In addition, there are further provided other methods and systems to implement the invention, as well as non-transitory computer-readable recording media having stored thereon computer programs for executing the methods.
According to the invention, it is possible to securely exchange keys without exposure by employing a key exchange method (specifically, a symmetric key exchange method) for generating an encryption key in a second device with reference to first public information determined on the basis of secret information of a first device, and secret information of the second device, and generating a decryption key in the first device with reference to second public information determined on the basis of the secret information of the second device, and the secret information of the first device.
According to the invention, it is possible to encrypt and transmit biosignal data so that the biosignal data may be securely protected even if it is leaked or intercepted in the course of the transmission.

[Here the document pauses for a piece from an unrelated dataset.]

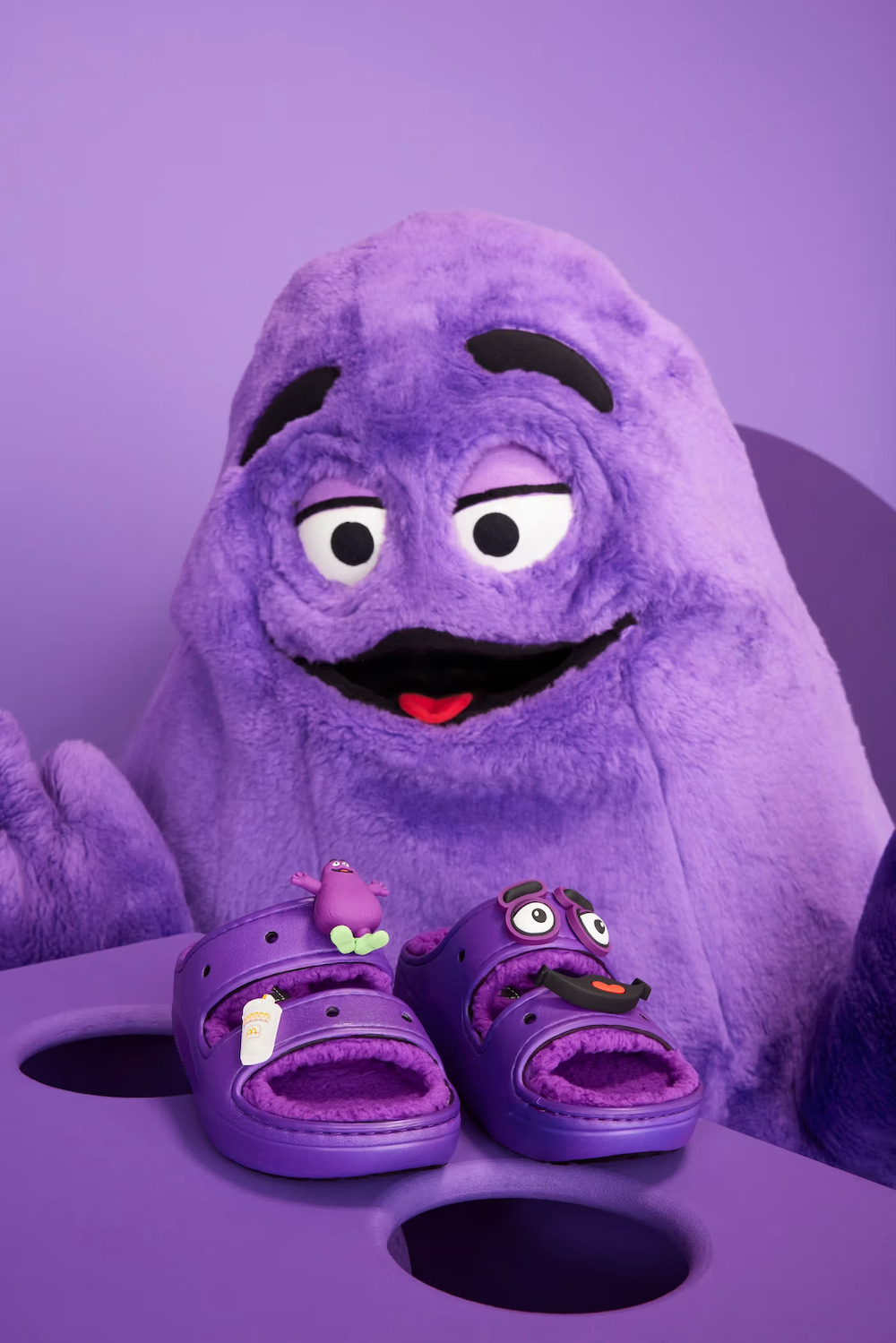 ▼「大鳥姊姊款」鞋子上有滿福堡的鞋扣,這代表著麥當勞令人垂涎的早餐系列。每一次踏出去,都能讓你回味那些晨間的好滋味;最搶眼的非「奶昔大哥款」莫屬,這款涼拖不僅擁有醒目的紫色,還配上了毛絨絨的質感,走到哪都能感受到奶昔大哥的溫暖擁抱。

According to the invention, it is possible to enhance security by ensuring that secret information of a first device is specified on the basis of identification information of a second device.
In the following detailed description of the present invention, references are made to the accompanying drawings that show, by way of illustration, specific embodiments in which the invention may be practiced. These embodiments are described in sufficient detail to enable those skilled in the art to practice the invention. It is to be understood that the various embodiments of the invention, although different from each other, are not necessarily mutually exclusive. For example, specific shapes, structures and characteristics described herein may be implemented as modified from one embodiment to another without departing from the spirit and scope of the invention. Furthermore, it shall be understood that the positions or arrangements of individual elements within each embodiment may also be modified without departing from the spirit and scope of the invention. Therefore, the following detailed description is not to be taken in a limiting sense, and the scope of the invention is to be taken as encompassing the scope of the appended claims and all equivalents thereof. In the drawings, like reference numerals refer to the same or similar elements throughout the several views.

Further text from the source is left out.